К.Б.: Раз уж мы замахнулись на такую макропроблематику, следует упомянуть, что возможна и просто-напросто мутация.
И.Я.: Мутация — тоже момент развития.
К.Б.: В современной археологии существует гипотеза, согласно которой неандертальцы вымерли не сами собой, их выбили кроманьонцы — мутанты неандертальцев. Они их, простите, ели. На стоянках кроманьонцев найдено огромное количество обглоданных останков неандертальцев.
И.Я.: Кроманьонцы оказались более адаптивными.

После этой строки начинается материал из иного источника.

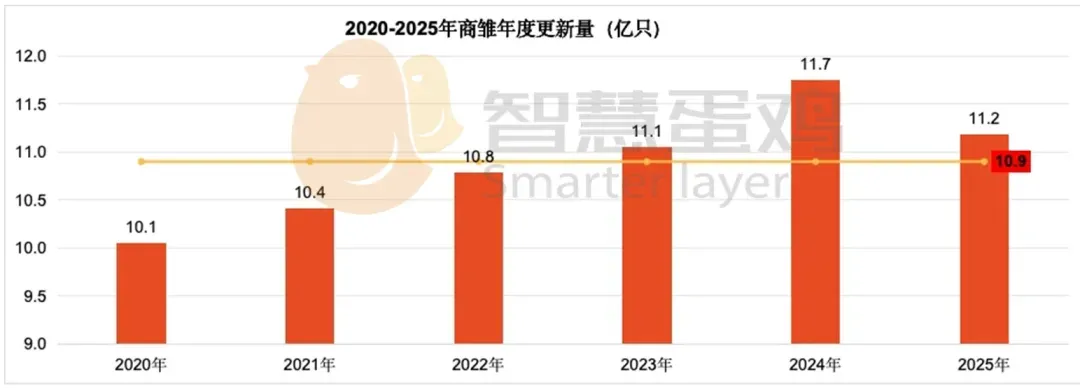 商雏补栏数量是决定未来在产蛋鸡存栏量的核心前置指标,直接影响后续鲜蛋供给格局。2025年度,全国蛋鸡商雏更新量为11.2亿只,虽较2024年减少5000万只,降幅4.27%,但仍位居近六年第二高位;较2020-2025年六年均值增加3000万只,增幅2.75%。值得注意的是,2021-2024年商雏更新量连续4年上涨,2025年的小幅回落,反映出持续亏损状态下养殖户补栏意愿已开始减弱,但补栏规模仍处于历史较高水平。
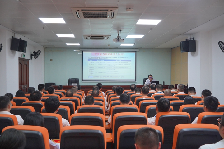 8月29日,茂名港集團(tuán)組織開展學(xué)習(xí)貫徹黨的二十屆三中全會精神宣講報告會,會議邀請中共茂名市委黨校常務(wù)副校長何小春教授作專題宣講。集團(tuán)黨委副書記、總裁朱廣宇主持會議。
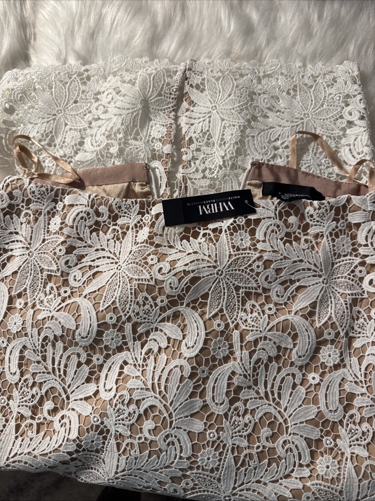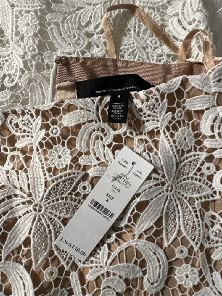 Pattern:EmbroideredStyle:Straight & PencilClosure:ZipVintage:NoHandmade:NoSeason:Spring, Fall, SummerSize:8Personalize:NoType:SkirtBrand:White House Black MarketRise:MidDepartment:WomenFeatures:LinedSize Type:RegularSkirt Length:MidiOccasion:Casual, Party/Cocktail, TravelColor:WhiteFabric Type:LaceAccents:EmbroideredCountry of Origin:China
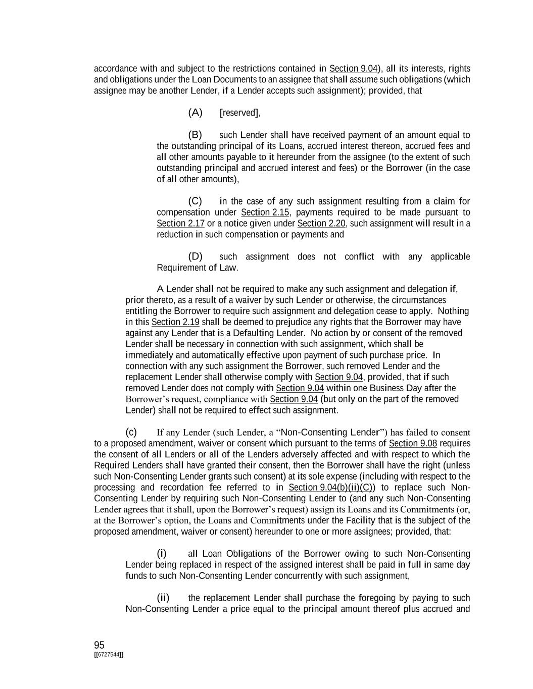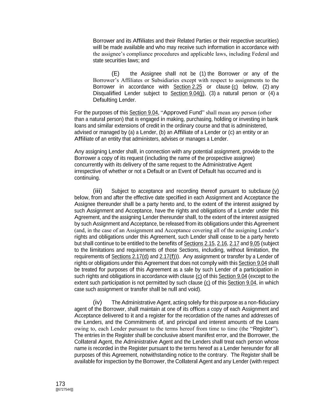 173 [[6727544]] Borrower and its Affiliates and their Related Parties or their respective securities) will be made available and who may receive such information in accordance with the assignee’s compliance procedures and applicable laws, including Federal and state securities laws; and (E) the Assignee shall not be (1) the Borrower or any of the Borrower’s Affiliates or Subsidiaries except with respect to assignments to the Borrower in accordance with Section 2.25 or clause (c) below, (2) any Disqualified Lender subject to Section 9.04(j), (3) a natural person or (4) a Defaulting Lender. For the purposes of this Section 9.04, “Approved Fund” shall mean any person (other than a natural person) that is engaged in making, purchasing, holding or investing in bank loans and similar extensions of credit in the ordinary course and that is administered, advised or managed by (a) a Lender, (b) an Affiliate of a Lender or (c) an entity or an Affiliate of an entity that administers, advises or manages a Lender. Any assigning Lender shall, in connection with any potential assignment, provide to the Borrower a copy of its request (including the name of the prospective assignee) concurrently with its delivery of the same request to the Administrative Agent irrespective of whether or not a Default or an Event of Default has occurred and is continuing. (iii) Subject to acceptance and recording thereof pursuant to subclause (v) below, from and after the effective date specified in each Assignment and Acceptance the Assignee thereunder shall be a party hereto and, to the extent of the interest assigned by such Assignment and Acceptance, have the rights and obligations of a Lender under this Agreement, and the assigning Lender thereunder shall, to the extent of the interest assigned by such Assignment and Acceptance, be released from its obligations under this Agreement (and, in the case of an Assignment and Acceptance covering all of the assigning Lender’s rights and obligations under this Agreement, such Lender shall cease to be a party hereto but shall continue to be entitled to the benefits of Sections 2.15, 2.16, 2.17 and 9.05 (subject to the limitations and requirements of those Sections, including, without limitation, the requirements of Sections 2.17(d) and 2.17(f))). Any assignment or transfer by a Lender of rights or obligations under this Agreement that does not comply with this Section 9.04 shall be treated for purposes of this Agreement as a sale by such Lender of a participation in such rights and obligations in accordance with clause (c) of this Section 9.04 (except to the extent such participation is not permitted by such clause (c) of this Section 9.04, in which case such assignment or transfer shall be null and void). (iv) The Administrative Agent, acting solely for this purpose as a non-fiduciary agent of the Borrower, shall maintain at one of its offices a copy of each Assignment and Acceptance delivered to it and a register for the recordation of the names and addresses of the Lenders, and the Commitments of, and principal and interest amounts of the Loans owing to, each Lender pursuant to the terms hereof from time to time (the “Register”). The entries in the Register shall be conclusive absent manifest error, and the Borrower, the Collateral Agent, the Administrative Agent and the Lenders shall treat each person whose name is recorded in the Register pursuant to the terms hereof as a Lender hereunder for all purposes of this Agreement, notwithstanding notice to the contrary. The Register shall be available for inspection by the Borrower, the Collateral Agent and any Lender (with respect
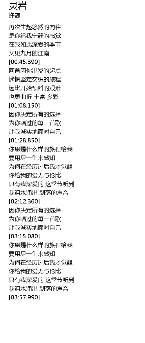 | [03:44.490] | 我泪水涌出 划落的声音 |
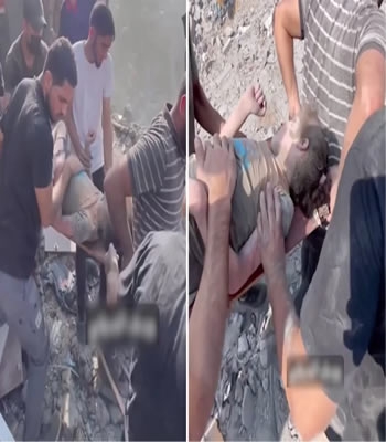 ALPARSLAN DİYARI- İsrail'in Gazze'ye yönelik saldırılarına dün bir yenisi daha eklendi. Yerle bir olan binanın enkazından çıkarılan küçük bir kız çocuğunun öldüğünü zannetmesi ve taşıyanlara "Beni mezara mı götürüyorsunuz?" diye sorması yürekleri sızlattı.

К.Б.: Да, но при этом они смешались с неандертальцами. Видимо, для молодых самок неандертальцев делались исключения.
И.Д.: Ну вот, добрались и до каннибализма. Достопочтенные ученые мужи, мне, как, полагаю, и большинству обывателей, не дано воспарить над повседневностью и привычными гуманистическими представлениями, поэтому порой кажется, что вы меня просто пугаете.

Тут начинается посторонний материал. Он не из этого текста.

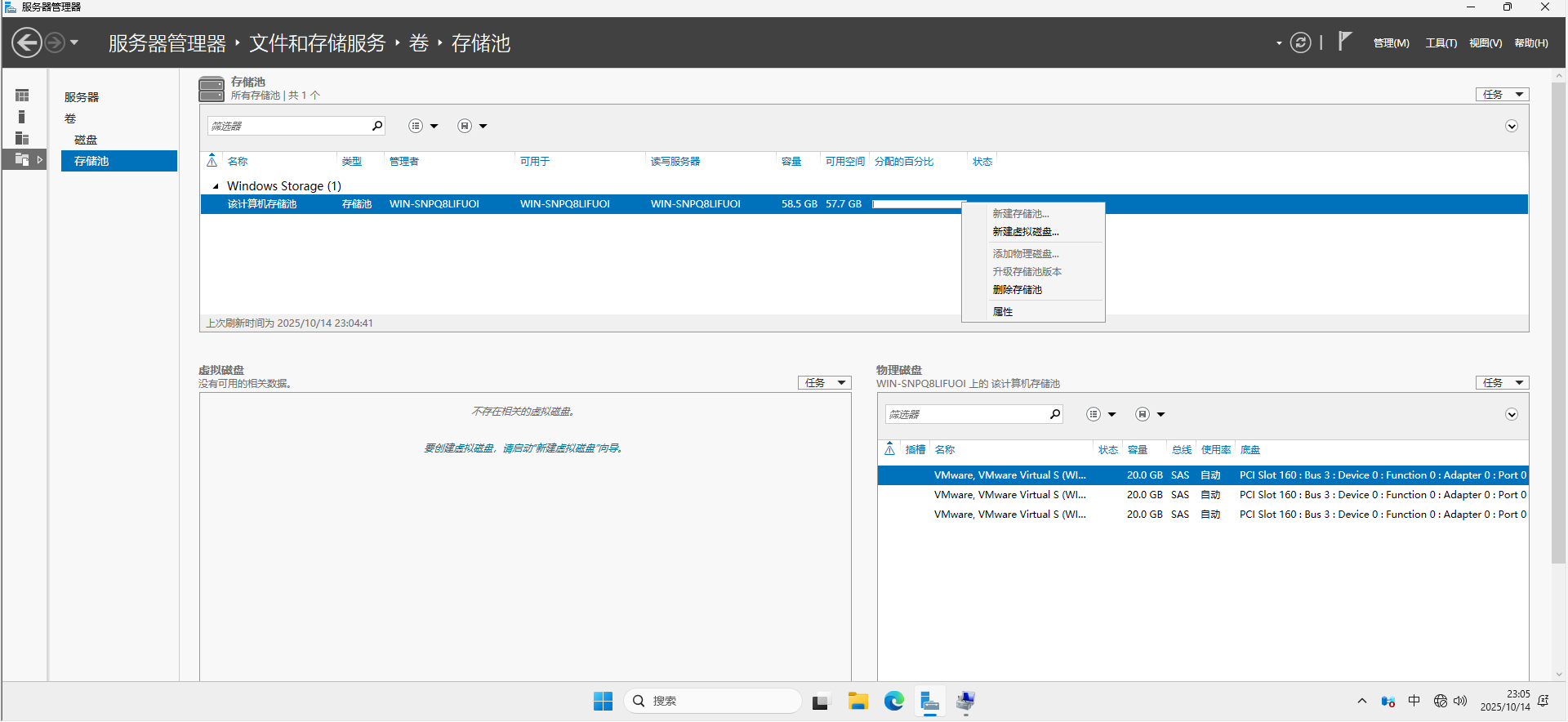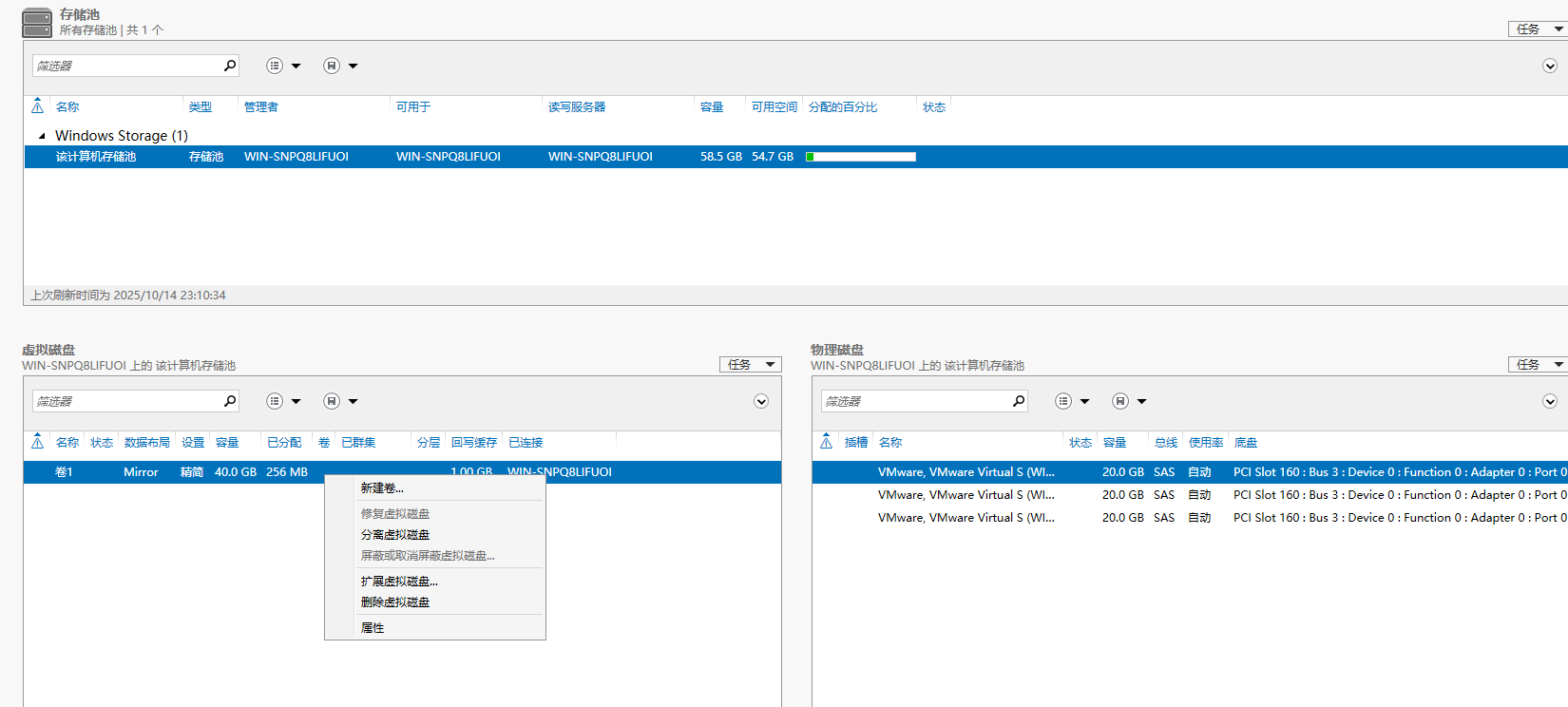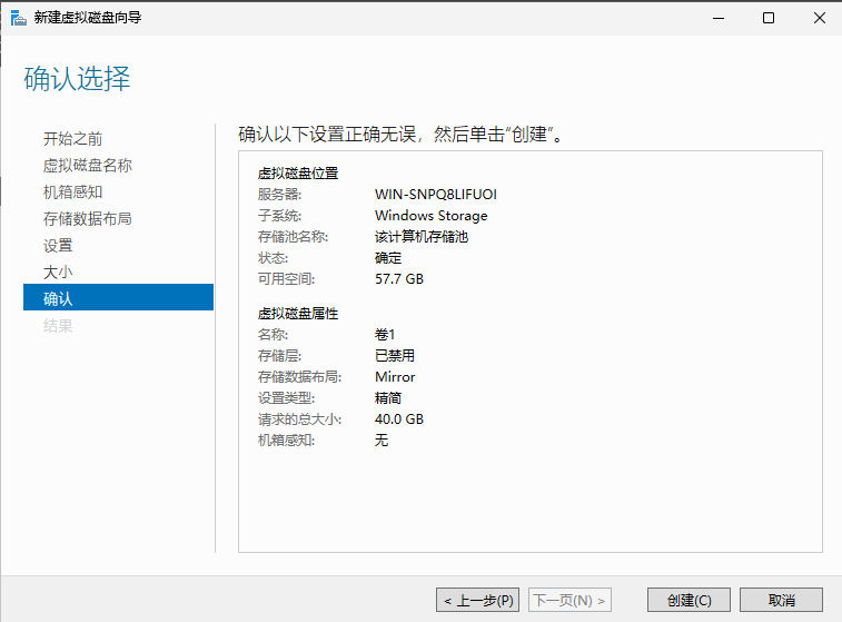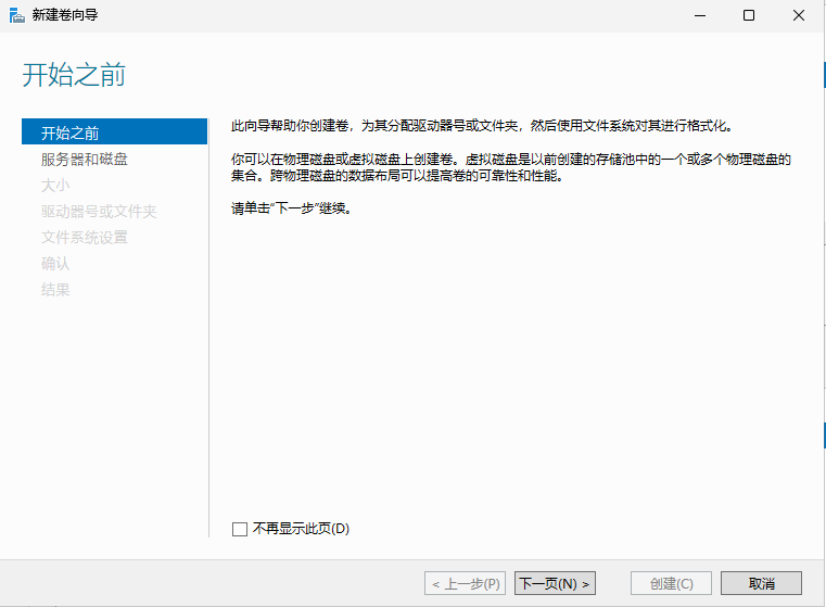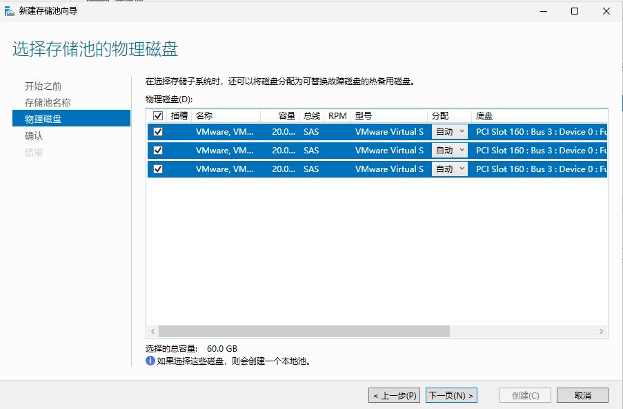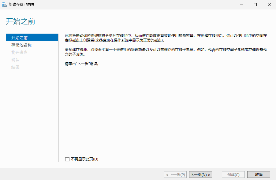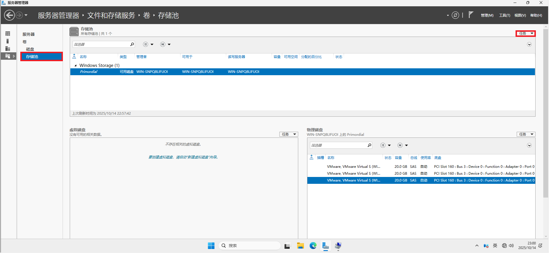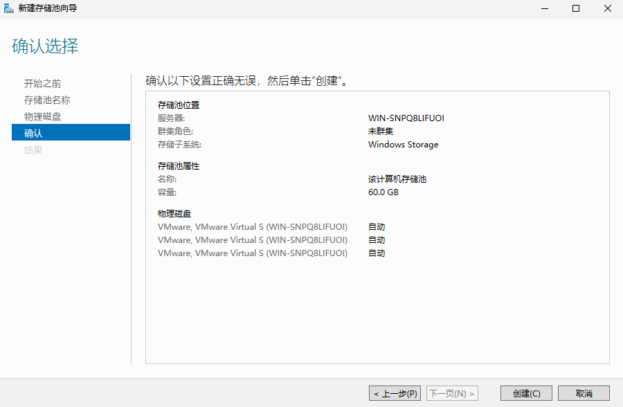 创建完存储池之后,3块磁盘便在逻辑上成为了一块磁盘。接下来我们在该磁盘上进行分区。

И.Я.: Аллюзия действительно страшноватая, но, если мы не изменимся, не перейдем в новое качество, мы можем оказаться в зоопарке будущего и наши потомки не будут чувствовать экзистенциальной связи с нами, они станут качественно другими людьми. Вспомните замечательный роман братьев Стругацких “Гадкие лебеди”. Там фигурируют некие “мокрецы” — это же другие люди, с другой физикой, для них их биологические родители не есть существа той же породы. Я допускаю и такого рода мутацию.
И.Д.: То есть биологическую мутацию в короткие сроки?!
К.Б.: С помощью современной науки она может произойти в очень короткие сроки.
И.Д.: Вы рисуете такие страшные, с точки зрения ныне живущих людей, перспективы, что хочется вернуться к более близким временам и родным пенатам. Хотя, если перспектива действительно такова, не знаю уж, стоит ли говорить о чем бы то ни было. И, тем не менее: развивающийся в последнее время глобальный кризис — что он сулит России в ближайшее время?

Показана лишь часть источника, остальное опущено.